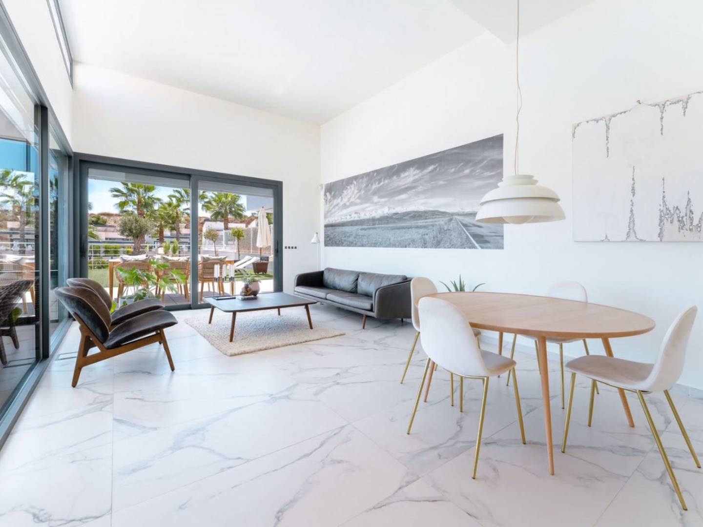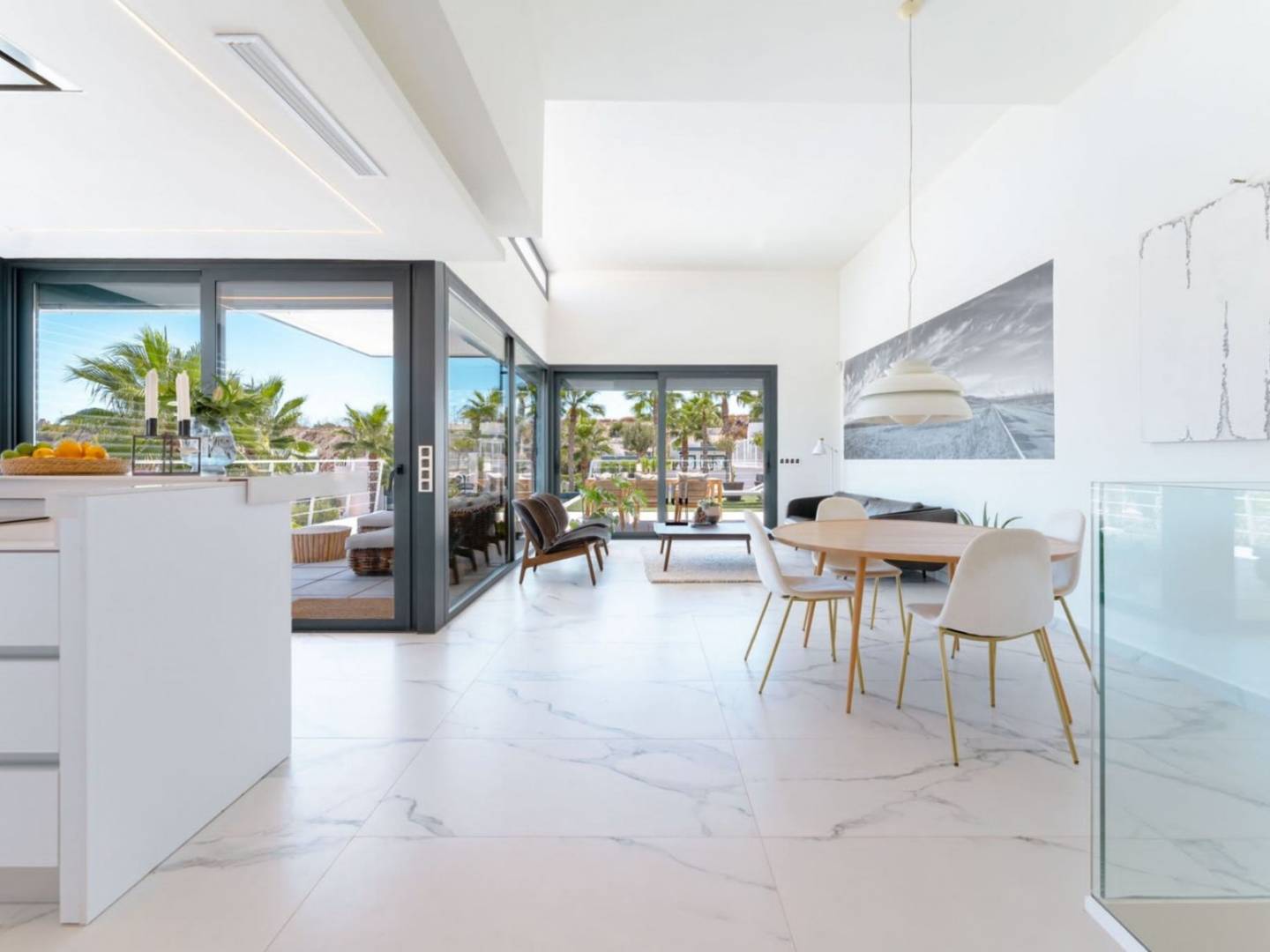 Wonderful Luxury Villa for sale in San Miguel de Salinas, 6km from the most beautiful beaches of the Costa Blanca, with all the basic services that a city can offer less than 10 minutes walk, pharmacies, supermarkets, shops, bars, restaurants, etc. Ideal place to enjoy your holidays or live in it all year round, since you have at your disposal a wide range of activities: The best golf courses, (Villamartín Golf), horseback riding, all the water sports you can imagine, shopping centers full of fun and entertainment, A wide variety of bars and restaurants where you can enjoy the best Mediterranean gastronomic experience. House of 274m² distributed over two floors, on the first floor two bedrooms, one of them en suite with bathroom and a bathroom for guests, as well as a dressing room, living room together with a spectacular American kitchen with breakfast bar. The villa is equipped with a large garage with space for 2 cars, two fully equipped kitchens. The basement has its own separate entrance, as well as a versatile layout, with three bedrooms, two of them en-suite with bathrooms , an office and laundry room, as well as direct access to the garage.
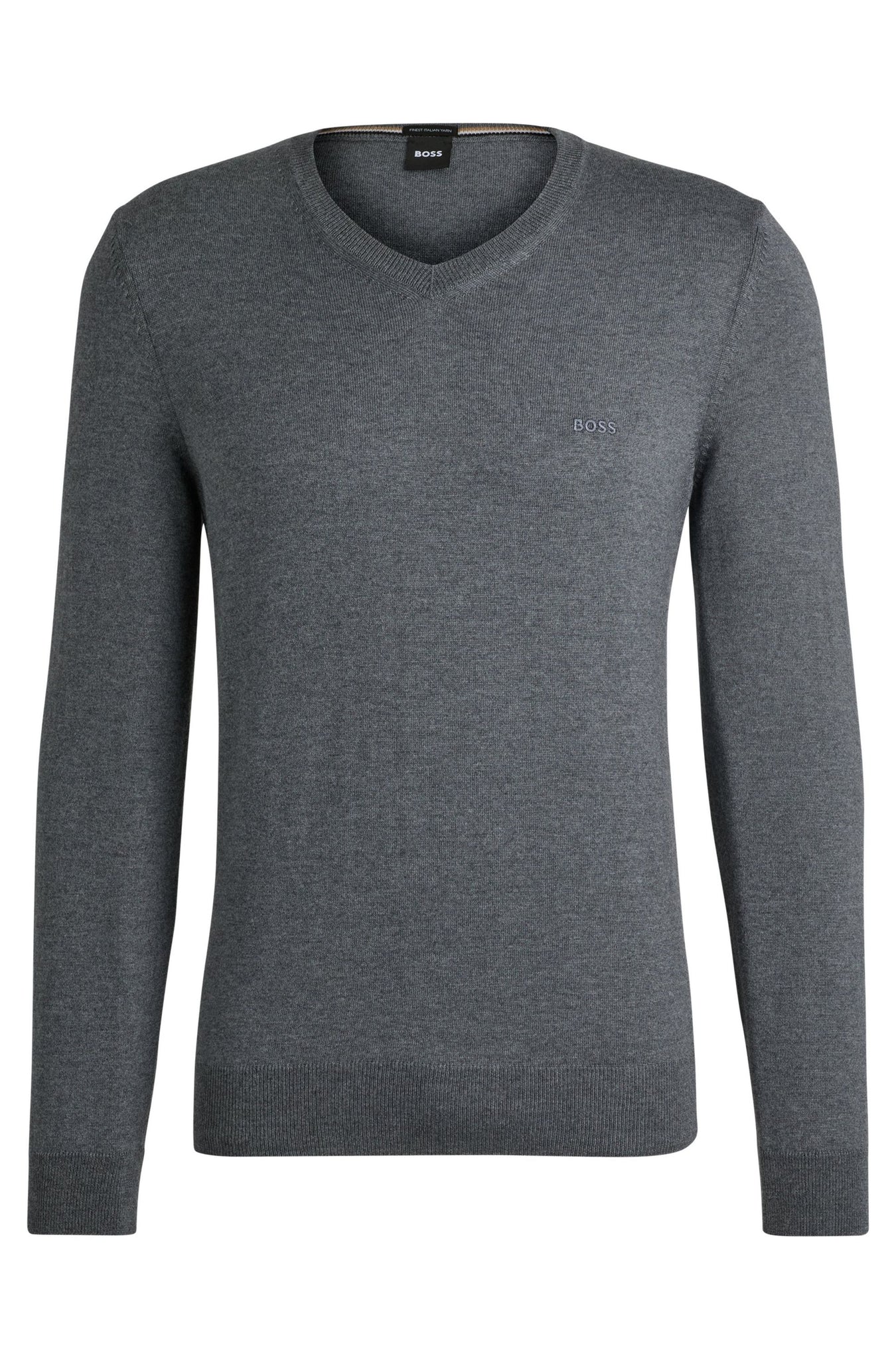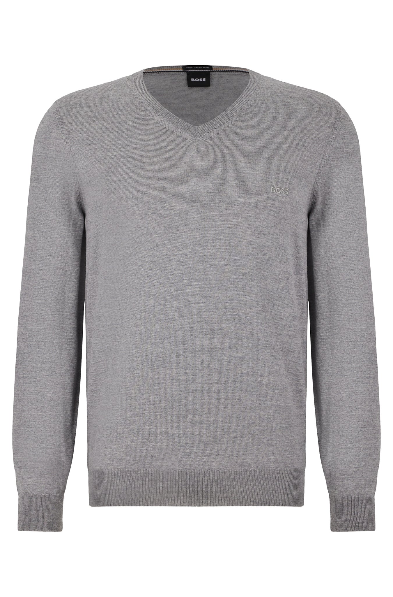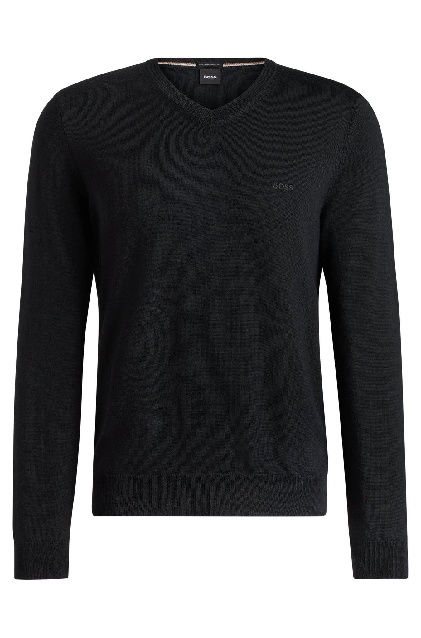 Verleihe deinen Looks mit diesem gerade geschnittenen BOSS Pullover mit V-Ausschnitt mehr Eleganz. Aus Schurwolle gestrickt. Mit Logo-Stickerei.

-*-

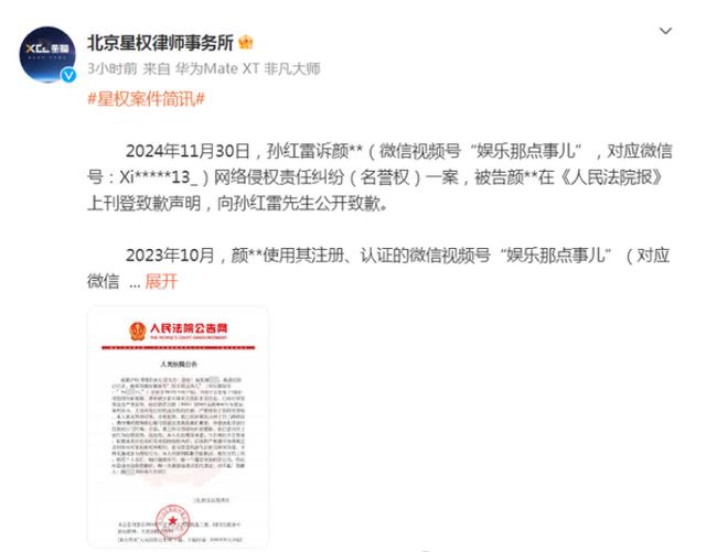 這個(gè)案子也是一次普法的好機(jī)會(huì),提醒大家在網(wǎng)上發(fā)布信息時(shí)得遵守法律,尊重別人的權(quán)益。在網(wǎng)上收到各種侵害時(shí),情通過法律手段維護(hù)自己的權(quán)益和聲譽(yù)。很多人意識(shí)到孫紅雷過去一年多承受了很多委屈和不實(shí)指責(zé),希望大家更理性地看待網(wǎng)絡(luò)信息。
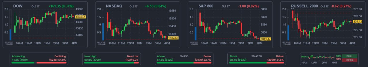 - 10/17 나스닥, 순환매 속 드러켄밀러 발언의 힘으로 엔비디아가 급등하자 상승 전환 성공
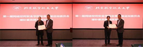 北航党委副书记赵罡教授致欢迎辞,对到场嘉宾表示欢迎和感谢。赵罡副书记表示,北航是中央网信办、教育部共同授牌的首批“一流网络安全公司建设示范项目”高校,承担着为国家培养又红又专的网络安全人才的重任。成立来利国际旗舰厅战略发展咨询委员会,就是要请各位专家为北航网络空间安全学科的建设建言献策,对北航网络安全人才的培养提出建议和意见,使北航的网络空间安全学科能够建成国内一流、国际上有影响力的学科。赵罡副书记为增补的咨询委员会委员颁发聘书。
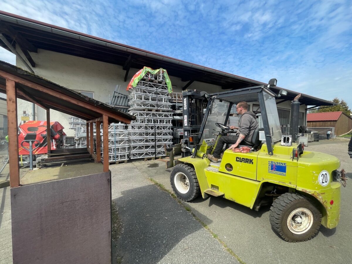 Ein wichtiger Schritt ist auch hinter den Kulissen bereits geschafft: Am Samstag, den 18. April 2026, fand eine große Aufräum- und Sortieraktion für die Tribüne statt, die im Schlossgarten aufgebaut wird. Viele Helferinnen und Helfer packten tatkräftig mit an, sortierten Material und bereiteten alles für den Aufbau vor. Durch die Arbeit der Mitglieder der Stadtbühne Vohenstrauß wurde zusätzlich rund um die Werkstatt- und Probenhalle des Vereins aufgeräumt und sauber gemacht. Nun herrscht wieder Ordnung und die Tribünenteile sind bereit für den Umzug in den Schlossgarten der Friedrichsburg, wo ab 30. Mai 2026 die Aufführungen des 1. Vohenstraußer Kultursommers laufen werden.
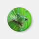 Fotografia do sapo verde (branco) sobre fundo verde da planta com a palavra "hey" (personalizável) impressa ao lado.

-*-

Reproduce, exactly and only, the lines of the records above starting at the line with "這個(gè)案子也是一次普法" and ending at the line with "Fotografia do sapo", both included. Leave every picture out.

### [SOLUTION]
 這個(gè)案子也是一次普法的好機(jī)會(huì),提醒大家在網(wǎng)上發(fā)布信息時(shí)得遵守法律,尊重別人的權(quán)益。在網(wǎng)上收到各種侵害時(shí),情通過法律手段維護(hù)自己的權(quán)益和聲譽(yù)。很多人意識(shí)到孫紅雷過去一年多承受了很多委屈和不實(shí)指責(zé),希望大家更理性地看待網(wǎng)絡(luò)信息。
 - 10/17 나스닥, 순환매 속 드러켄밀러 발언의 힘으로 엔비디아가 급등하자 상승 전환 성공
 北航党委副书记赵罡教授致欢迎辞,对到场嘉宾表示欢迎和感谢。赵罡副书记表示,北航是中央网信办、教育部共同授牌的首批“一流网络安全公司建设示范项目”高校,承担着为国家培养又红又专的网络安全人才的重任。成立来利国际旗舰厅战略发展咨询委员会,就是要请各位专家为北航网络空间安全学科的建设建言献策,对北航网络安全人才的培养提出建议和意见,使北航的网络空间安全学科能够建成国内一流、国际上有影响力的学科。赵罡副书记为增补的咨询委员会委员颁发聘书。
 Ein wichtiger Schritt ist auch hinter den Kulissen bereits geschafft: Am Samstag, den 18. April 2026, fand eine große Aufräum- und Sortieraktion für die Tribüne statt, die im Schlossgarten aufgebaut wird. Viele Helferinnen und Helfer packten tatkräftig mit an, sortierten Material und bereiteten alles für den Aufbau vor. Durch die Arbeit der Mitglieder der Stadtbühne Vohenstrauß wurde zusätzlich rund um die Werkstatt- und Probenhalle des Vereins aufgeräumt und sauber gemacht. Nun herrscht wieder Ordnung und die Tribünenteile sind bereit für den Umzug in den Schlossgarten der Friedrichsburg, wo ab 30. Mai 2026 die Aufführungen des 1. Vohenstraußer Kultursommers laufen werden.
 Fotografia do sapo verde (branco) sobre fundo verde da planta com a palavra "hey" (personalizável) impressa ao lado.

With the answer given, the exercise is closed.